In my last post, I mentioned export controls. Yes, our US government, the same one that likes to promote exports, also likes to control what we export, or to whom we export. It makes sense. You wouldn’t want to ship a nuclear bomb to just anyone. And to a small company, or one just new to selling internationally, export controls can seem as overwhelming as in the picture above.
Keep in mind that US export controls can apply to:
- Anything in the US, whether of US origin or foreign made
- Anything in the world of US origin, or made with US technology
As in the case of our nuclear bomb, defense goods and services (as opposed to offense goods and services?) are controlled by the US Department of State’s Directorate of Defense Trade Controls under theInternational Traffic in Arms Regulations, or ITAR. Obvious military items are listed on the United States Munitions List, or USML. But the ITAR can also cover civil goods (as opposed to uncivil goods?) that have specially designed or modified for military use.

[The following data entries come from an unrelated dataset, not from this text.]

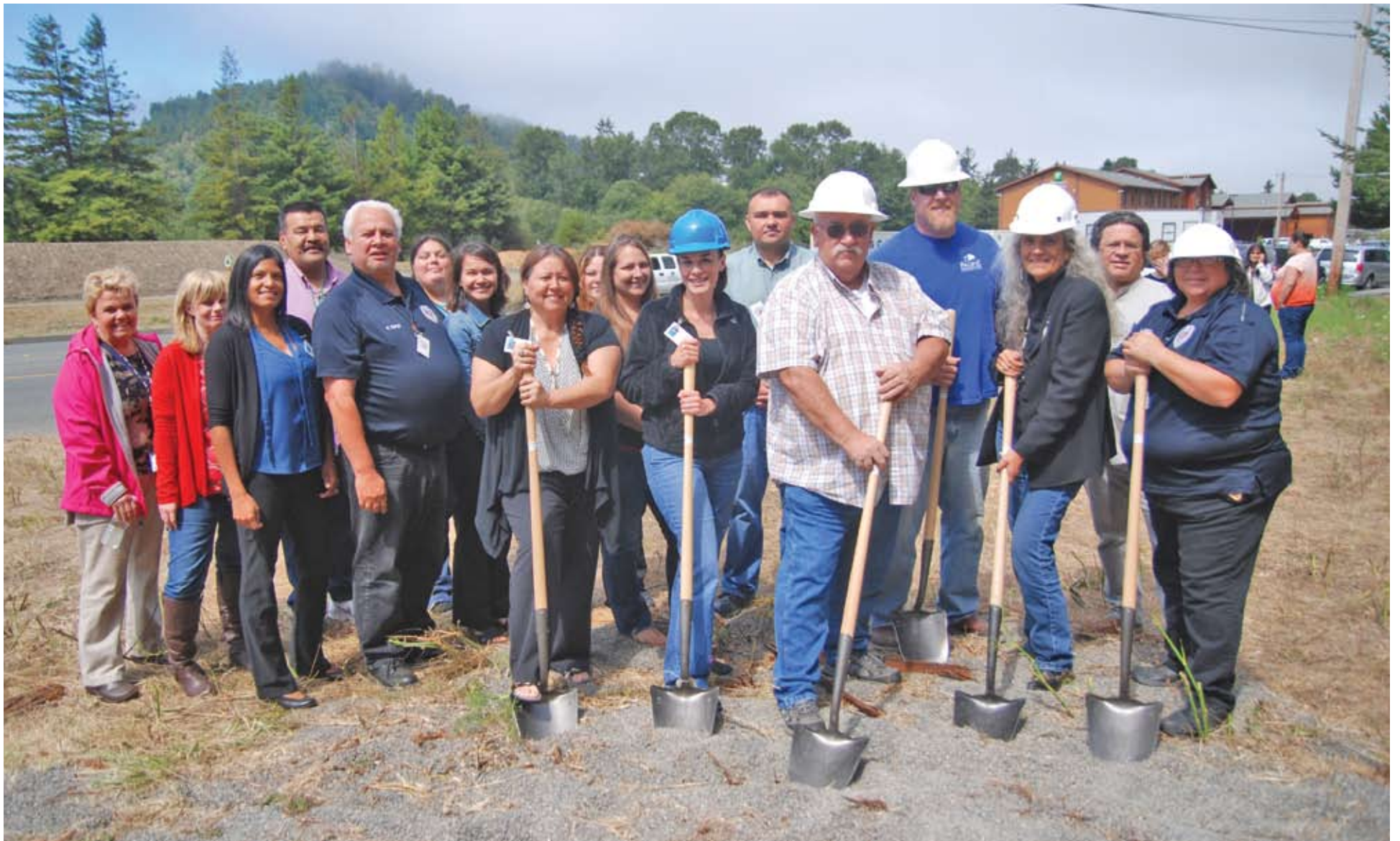
The Yurok Tribe recently broke ground on the new Yurok Justice Center. The new Justice Center is being built next to the main tribal office in Klamath.
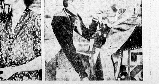
ada, at LEFT, are Clark Gable and his wife, Carole Lombard; CENTRE, Spencer Tracy and his wife; RIGHT, Gary Cooper and his wife, Sandra Shaw. The novelty of visiting a country engaged in a great war and the fact that Americans obtain a substantial premium on their money are among the factors expected to attract nearly 20,000,000 touring Americans during the coming season.
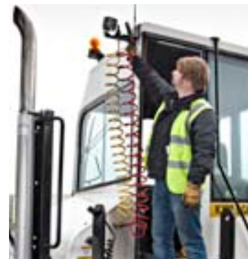
Tall cabin with functional rear doorway – only one low step to rear deck.
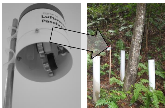
Protective shelter for ammonia and forest measuring site

The main source of ammonia is the decay of organic matter containing nitrogen, especially animals' excrements. In Germany, the most important source of \text{NH}_3 is livestock farming. Actually, a large quantity of \text{NH}_3 is released by producing, storing, transporting/handling, and using animals' excrements (black liquid, manure). Other sources of emissions do include the use of agricultural fertilizer containing Nitrogen and, in a smaller proportion, the production industry. There is currently no precise measure of \text{NH}_3 emissions in Germany. Estimated and extrapolated values are 0.6 - 1.1 \cdot 10^3 \text{ kt NH}_3
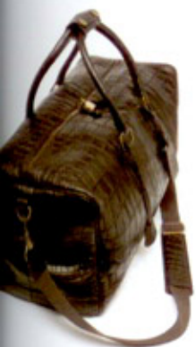
weekender by DOLCE & GABBANA

runway shot by DOLCE & GABBANA courtesy of Neiman Marcus
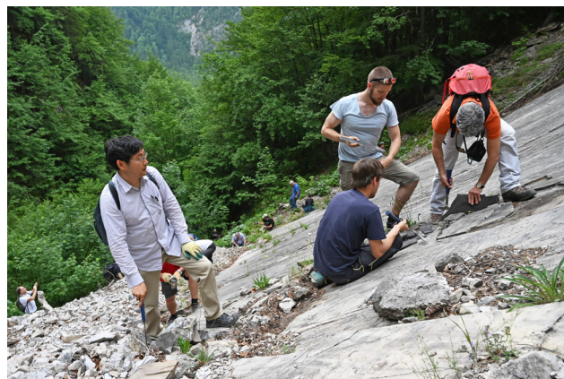
Fig. 8. Field trip participants collecting decapods from Triassic laminated limestones in the Logarska Valley.
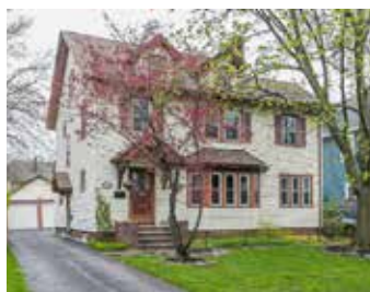
126 Hurstbourne Ln - 14 offers!
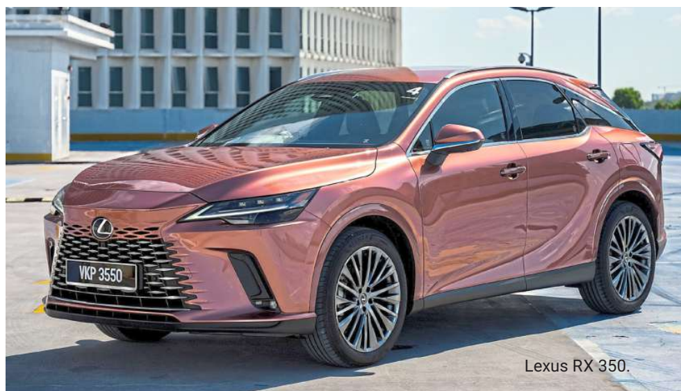
Lexus RX 350.

It’s important to note that the ITAR takes precedence over the Export Administration Regulations (EAR, below). If something is controlled under the ITAR, the EAR doesn’t even enter the picture. That’s why I list the ITAR first. Most goods and services controlled under the ITAR are going to require an export license issued by the US Department of State, thought there are some exemptions.
There are other products and technologies that are not specifically defense related for which the US Government still controls for export. These are regulated by the US Department of Commerce’s Bureau of Industry and Security, or BIS, under the Export Administration Regulations, or EAR.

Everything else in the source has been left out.